EXERCISE BRIEF: From the entries below, print exactly the span beginning with the line holding "1954 Modified Portrait" and ending with the line holding "C 24 classic", endpoints included, and skip any pictures.

====== SOURCE DATA ======

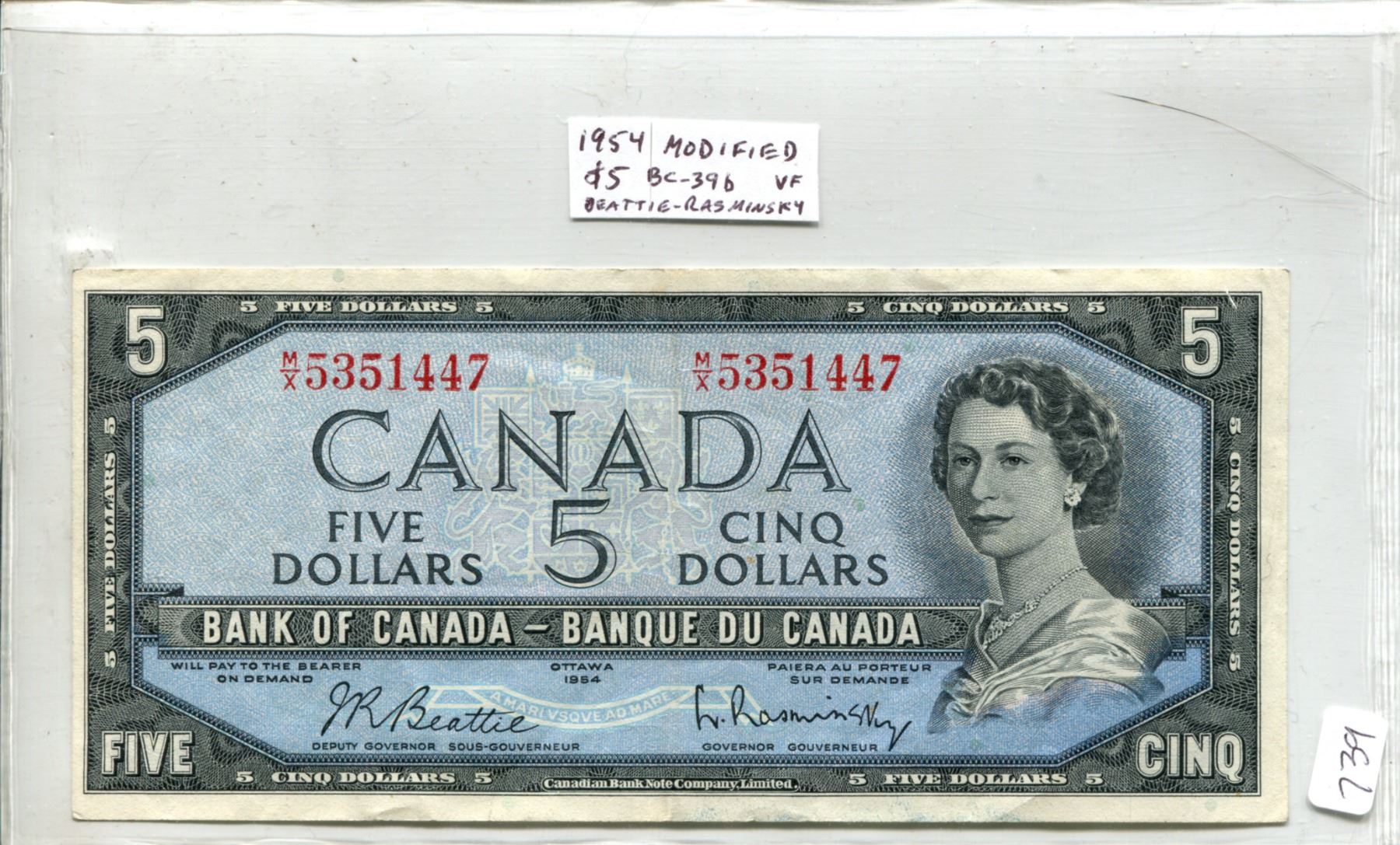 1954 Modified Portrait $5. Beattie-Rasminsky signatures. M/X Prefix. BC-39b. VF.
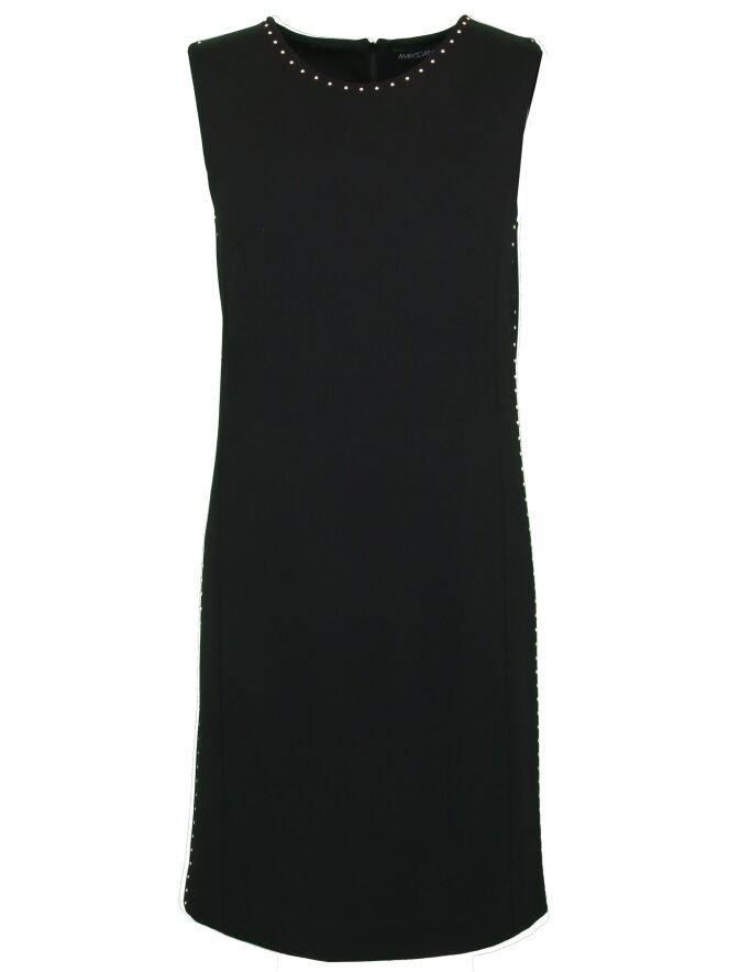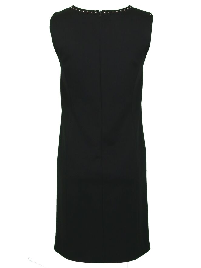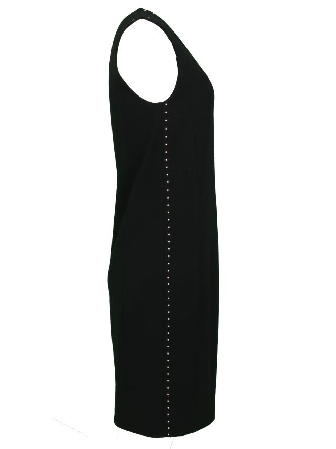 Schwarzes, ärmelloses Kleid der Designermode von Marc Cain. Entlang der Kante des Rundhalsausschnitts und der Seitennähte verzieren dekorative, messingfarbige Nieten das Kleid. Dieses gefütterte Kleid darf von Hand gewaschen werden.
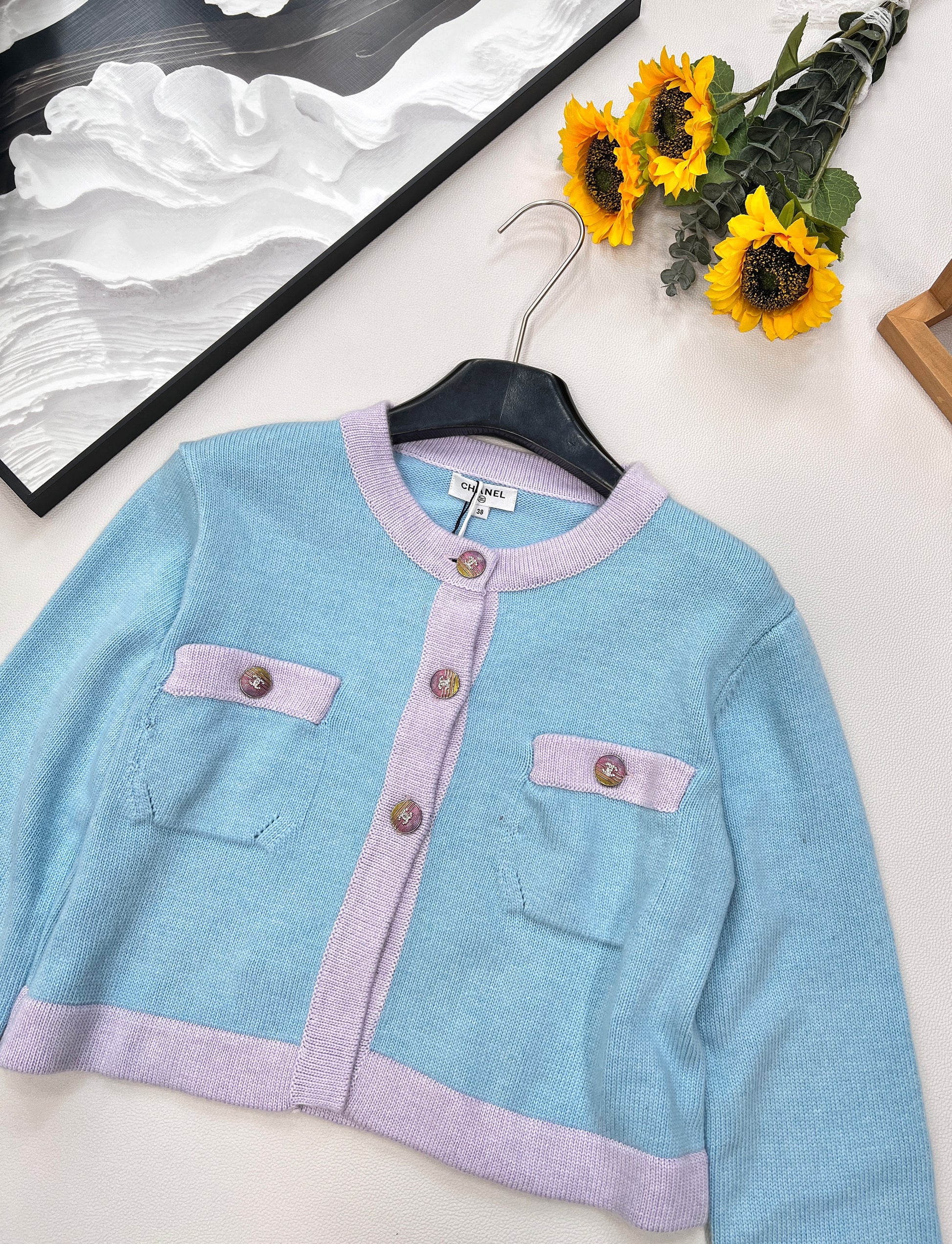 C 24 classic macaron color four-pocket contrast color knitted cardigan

======
====== SOURCE DATA ======

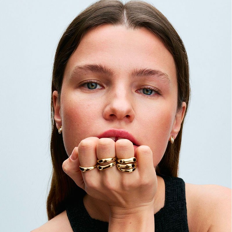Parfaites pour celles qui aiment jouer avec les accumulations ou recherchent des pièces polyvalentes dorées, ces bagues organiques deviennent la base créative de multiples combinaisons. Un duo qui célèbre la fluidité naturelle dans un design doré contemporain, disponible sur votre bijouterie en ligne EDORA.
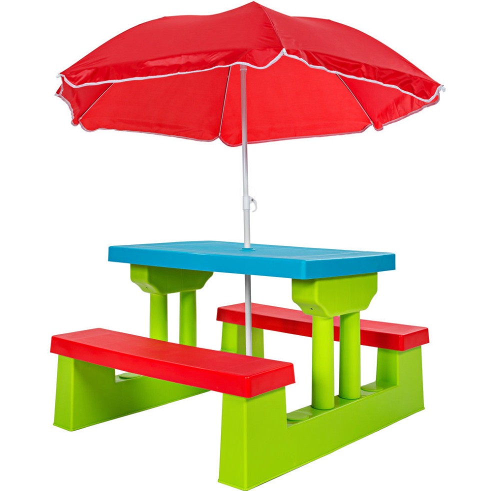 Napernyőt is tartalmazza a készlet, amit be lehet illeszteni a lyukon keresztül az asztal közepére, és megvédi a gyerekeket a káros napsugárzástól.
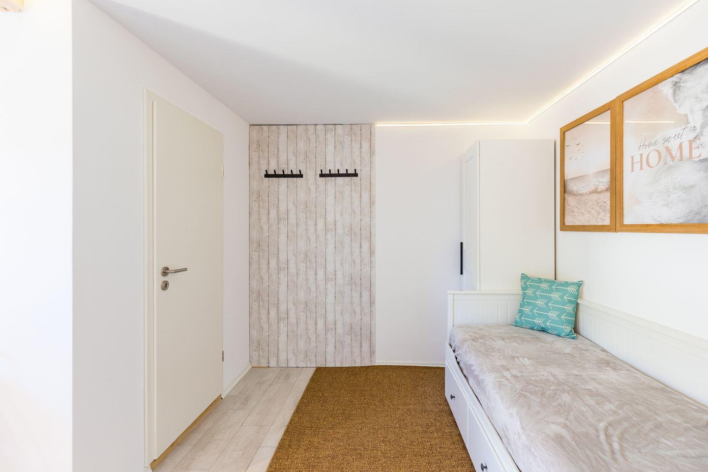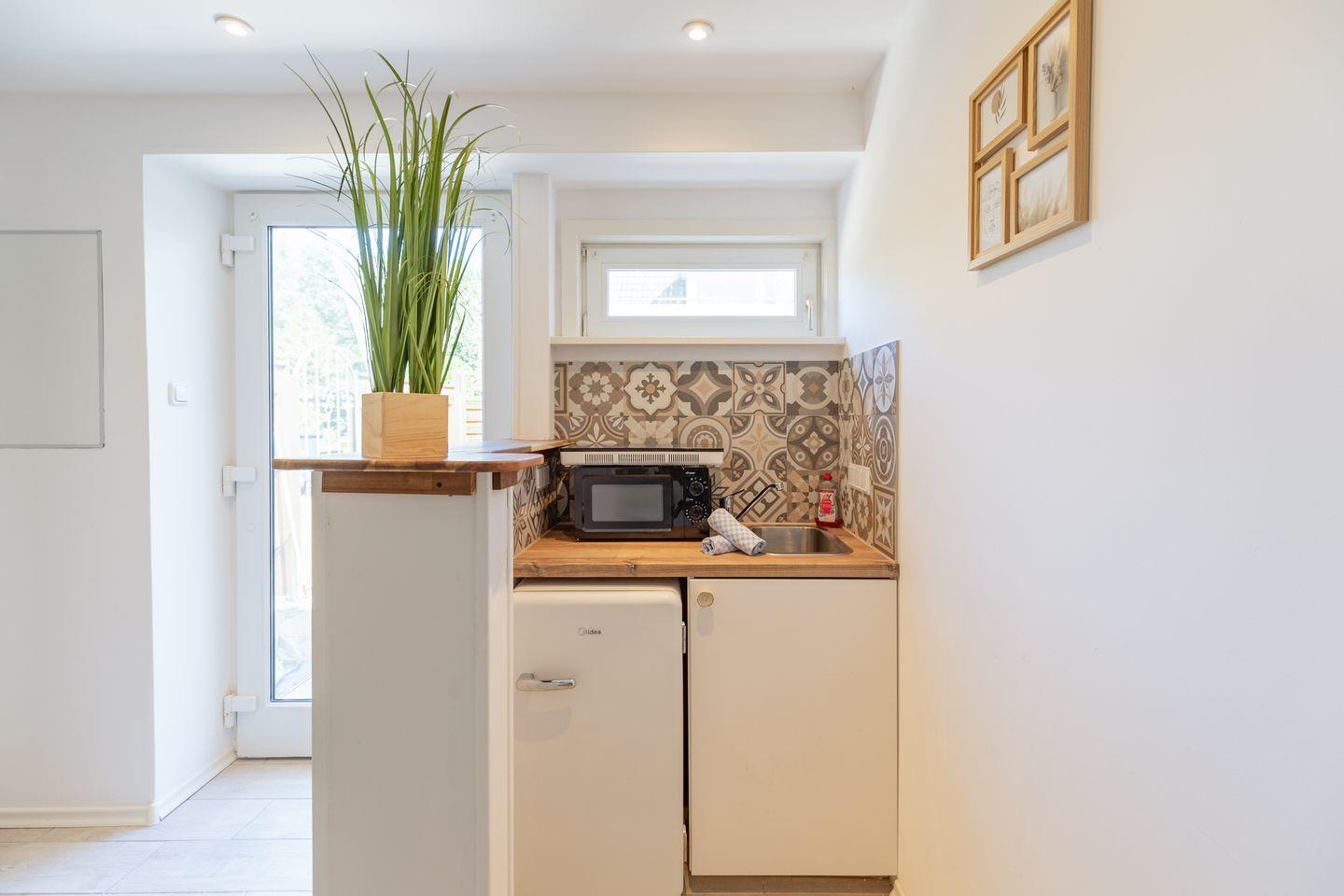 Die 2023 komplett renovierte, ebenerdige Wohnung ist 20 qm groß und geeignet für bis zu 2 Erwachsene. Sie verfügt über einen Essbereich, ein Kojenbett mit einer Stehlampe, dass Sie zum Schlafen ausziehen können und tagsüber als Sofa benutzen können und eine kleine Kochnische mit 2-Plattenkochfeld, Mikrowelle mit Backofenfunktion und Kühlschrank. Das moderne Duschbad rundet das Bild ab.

======

RESULT OF THE TASK:
 1954 Modified Portrait $5. Beattie-Rasminsky signatures. M/X Prefix. BC-39b. VF.
 Schwarzes, ärmelloses Kleid der Designermode von Marc Cain. Entlang der Kante des Rundhalsausschnitts und der Seitennähte verzieren dekorative, messingfarbige Nieten das Kleid. Dieses gefütterte Kleid darf von Hand gewaschen werden.
 C 24 classic macaron color four-pocket contrast color knitted cardigan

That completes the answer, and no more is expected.